=== DATA FOR THE TASK ===

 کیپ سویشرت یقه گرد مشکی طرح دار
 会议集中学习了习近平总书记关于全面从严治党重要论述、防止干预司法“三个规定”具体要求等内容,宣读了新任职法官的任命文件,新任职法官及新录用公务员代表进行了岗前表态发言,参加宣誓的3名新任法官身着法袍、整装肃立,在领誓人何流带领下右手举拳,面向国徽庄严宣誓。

===
=== DATA FOR THE TASK ===

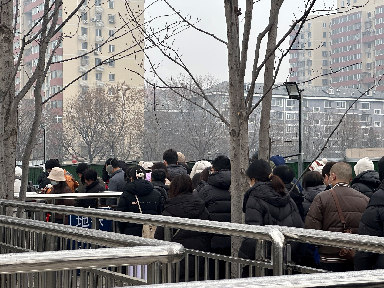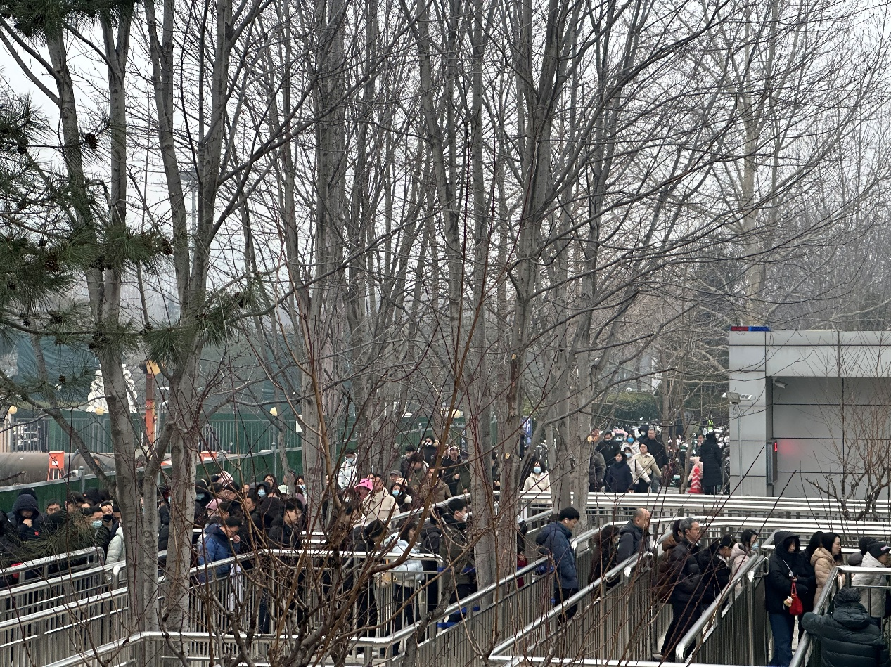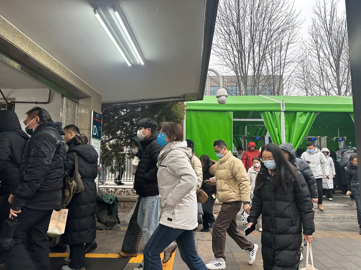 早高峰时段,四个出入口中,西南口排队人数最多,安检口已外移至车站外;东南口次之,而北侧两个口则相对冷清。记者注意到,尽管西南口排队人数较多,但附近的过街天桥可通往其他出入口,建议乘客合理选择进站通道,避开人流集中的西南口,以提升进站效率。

===

TASK DESCRIPTION:
Copy range, inclusive: the line holding "کیپ سویشرت یقه گرد مشکی طرح دار" to the line holding "会议集中学习了习近平总书记关". Reproduce exactly those lines of the records above and no others.

TASK RESPONSE:
 کیپ سویشرت یقه گرد مشکی طرح دار
 会议集中学习了习近平总书记关于全面从严治党重要论述、防止干预司法“三个规定”具体要求等内容,宣读了新任职法官的任命文件,新任职法官及新录用公务员代表进行了岗前表态发言,参加宣誓的3名新任法官身着法袍、整装肃立,在领誓人何流带领下右手举拳,面向国徽庄严宣誓。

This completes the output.